▶ [EXERCISE OBJECTIVE]: Give the records again exactly as written. Leave out the pictures.
--- GIVEN RECORDS ---
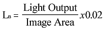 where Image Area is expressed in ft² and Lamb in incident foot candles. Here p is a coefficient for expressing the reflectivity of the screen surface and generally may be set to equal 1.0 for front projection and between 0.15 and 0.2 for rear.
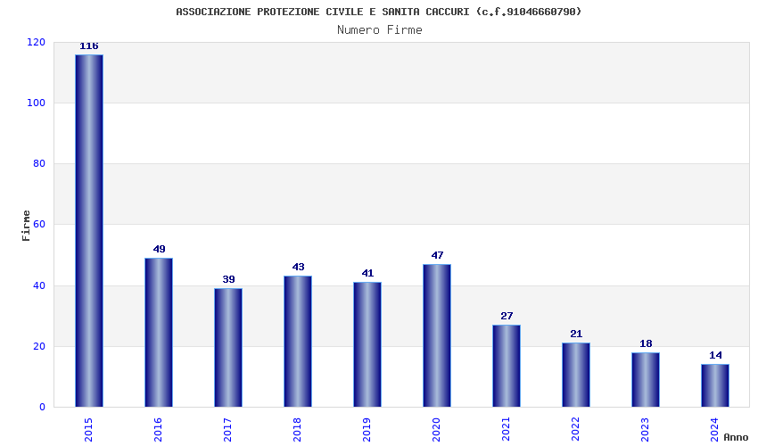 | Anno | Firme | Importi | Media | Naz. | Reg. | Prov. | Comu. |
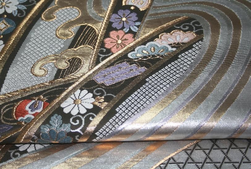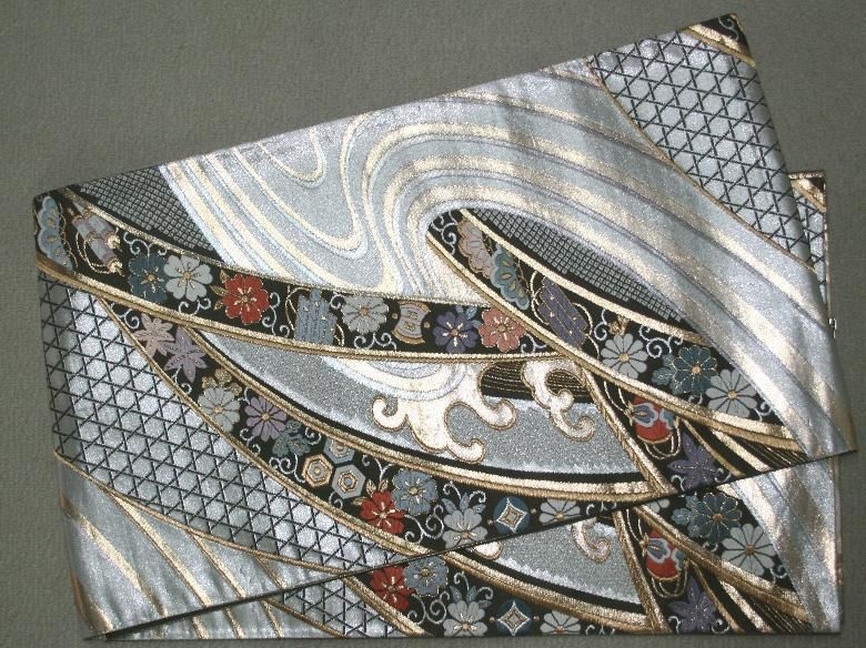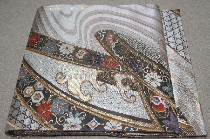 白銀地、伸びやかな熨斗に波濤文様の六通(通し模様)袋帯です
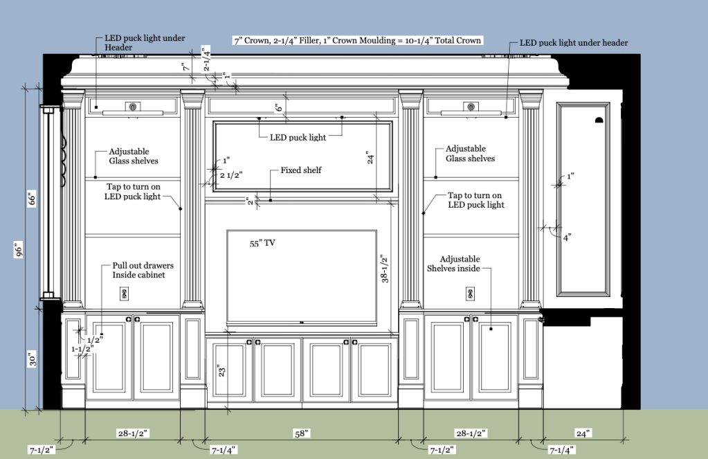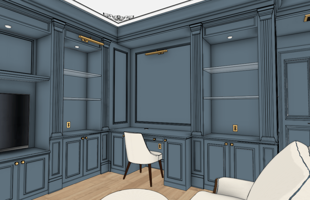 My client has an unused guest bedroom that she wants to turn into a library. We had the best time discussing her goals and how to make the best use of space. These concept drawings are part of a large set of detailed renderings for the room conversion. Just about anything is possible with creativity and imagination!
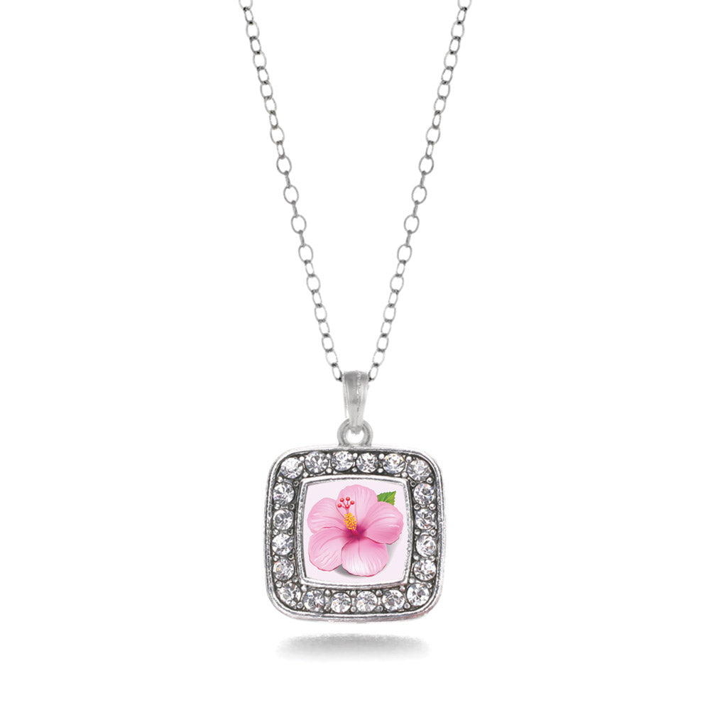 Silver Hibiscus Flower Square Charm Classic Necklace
---
▶ [EXERCISE RESPONSE]:
 where Image Area is expressed in ft² and Lamb in incident foot candles. Here p is a coefficient for expressing the reflectivity of the screen surface and generally may be set to equal 1.0 for front projection and between 0.15 and 0.2 for rear.
 | Anno | Firme | Importi | Media | Naz. | Reg. | Prov. | Comu. |
 白銀地、伸びやかな熨斗に波濤文様の六通(通し模様)袋帯です
 My client has an unused guest bedroom that she wants to turn into a library. We had the best time discussing her goals and how to make the best use of space. These concept drawings are part of a large set of detailed renderings for the room conversion. Just about anything is possible with creativity and imagination!
 Silver Hibiscus Flower Square Charm Classic Necklace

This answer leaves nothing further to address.